Они переговаривались, существуя лишь вдвоем: госпожа Мод и её ученик Эдмунд. И Ривер, и Линда были всего лишь вспомогательными инструментами – перьями и чернилами, которые сегодня должны были молчать и записывать, либо зарисовывать. Для Линды и Ривера в этом не было ничего обидного, они жили так не первый год и знали – эта ночь и правда кормит их…
А то, что творится в душе, так это уже не так важно. Забудется!
– Ящик? Коробка? – бесновалась Мод, встретив очередную замёрзшую загадку на стекле. Время шло, и сегодня она с ужасом подмечала про себя, что образов, неразгаданных сразу, стало больше. Глаза ли подводят? Воображение? Или всё Ривер виноват – не натопил комнату как следует?
– Гроб, – отозвался Эдмунд. Он был напряжён. От напряжения лицо его сделалось красным.

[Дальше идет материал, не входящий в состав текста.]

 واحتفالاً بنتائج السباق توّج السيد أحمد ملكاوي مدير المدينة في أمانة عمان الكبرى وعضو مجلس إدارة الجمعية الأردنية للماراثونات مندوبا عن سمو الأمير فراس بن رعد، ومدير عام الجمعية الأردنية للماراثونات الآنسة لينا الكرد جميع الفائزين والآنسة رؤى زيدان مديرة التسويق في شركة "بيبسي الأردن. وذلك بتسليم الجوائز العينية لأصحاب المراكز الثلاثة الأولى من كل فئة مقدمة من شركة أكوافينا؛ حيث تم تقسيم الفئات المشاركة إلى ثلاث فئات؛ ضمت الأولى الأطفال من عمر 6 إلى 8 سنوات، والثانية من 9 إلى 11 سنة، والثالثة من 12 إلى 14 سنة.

– Кто-то умрёт! – всколыхнулась Мод. Смерти всегда были прибыльным знаком. Нет, самому изображенному они не приносили никакой выгоды – какая польза от того, что ты умрёшь? Но всегда были наследники, работники… и они, зная о будущем, спешили взять в долг, уговорить на вложение, обезопасить наследство, выйти замуж, вызвать какое-то умиление у того, кому суждено было умереть. Алчность была сильна. За неё люди платили. Платили госпоже Мод, чтобы она могла остаток года лечить и помогать тем, кто беден или же вовсе нищ.

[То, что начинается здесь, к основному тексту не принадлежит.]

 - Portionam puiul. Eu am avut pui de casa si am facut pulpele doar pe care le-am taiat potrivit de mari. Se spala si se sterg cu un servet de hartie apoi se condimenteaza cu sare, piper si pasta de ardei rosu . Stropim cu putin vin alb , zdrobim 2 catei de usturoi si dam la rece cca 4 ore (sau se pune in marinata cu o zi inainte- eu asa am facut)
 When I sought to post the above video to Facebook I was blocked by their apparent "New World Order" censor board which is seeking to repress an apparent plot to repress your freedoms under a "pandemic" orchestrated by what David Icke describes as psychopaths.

Так кто же умрёт в будущем году?
У госпожи Мод были надежды… она знала, что как человек исцеления не имеет права даже думать о подобном, но ведь смертны все. И она не помогала смерти прийти скорее, наоборот, исцеляла как могла и когда могла.
Иными словами, госпожа Мод оправдывала себя так, как умела. За годы этот навык плотно и надёжно впился в её сердце ржавым крюком и сидел плотно. Она не чувствовала никакой вины за собой и полагала, что каждый должен уметь крутиться, и даже благие дела не гарантируют того, что идти к ним не придётся грязными методами.

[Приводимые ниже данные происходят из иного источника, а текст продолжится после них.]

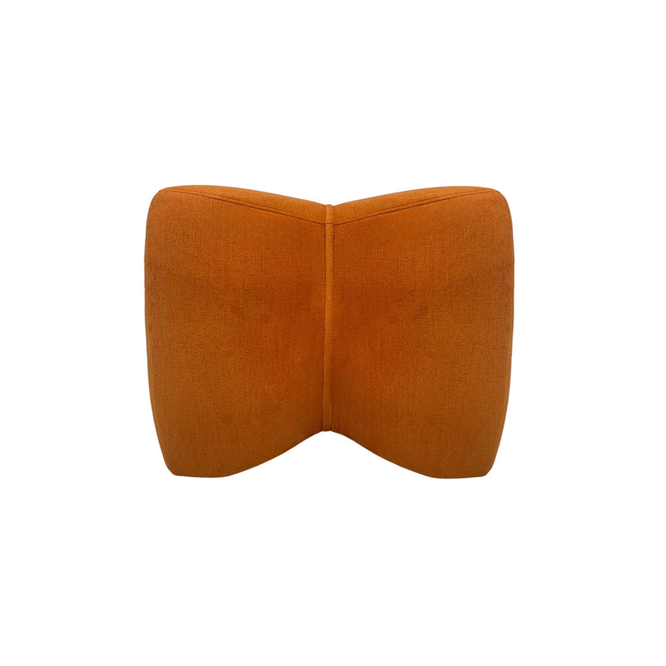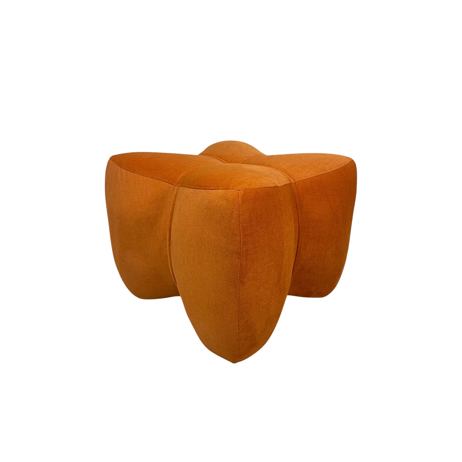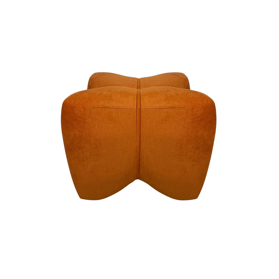 The Clover Ottoman blends sculptural design with plush comfort. This modern accent ottoman in vibrant orange adds a bold pop to any room. Versatile as a seat or decor piece, it brings both function and artistry to your space. Perfect for contemporary interiors.

Оставалось понять кто умрёт.
– Трое стоят подле, – сказал Эдмунд. Азарт госпожи Мод передавался и ему. Он чувствовал, что это его призвание, и хотел просить дозволения в будущем году самостоятельно разгадывать какое-то окно целиком. Это было дерзко, но он полагал, что справится и не подведёт. – Видите? Видите?
– Да, да, – подтвердила госпожа Мод, лихорадочно ища в троих, стоящих у ящика, знакомые черты. – Трое стоят…
Она осеклась. Увидеть знакомые черты было легко, просто она боялась признать это. Людской страх, который, как ей казалось, навеки покинул её, поразившись её оборотистой наглости, вернулся липким чудовищем.
Она каждый день видела эти черты. Это хмурое лицо Линды, задумчивую печаль Эдмунда и простоватое добродушие Ривера. Она видела их каждый день, а теперь видела у гроба, вырисованного рукой судьбы инеем на её же собственном окне. А догадаться кто в гробу было легче лёгкого.
– Это же мы…– ахнул Эдмунд, не умея справиться с собой.
У Ривера задрожали руки. Линда дёрнулась против воли и впервые проявила настоящий интерес к инею и окну, не замечая, что руки её в чернилах.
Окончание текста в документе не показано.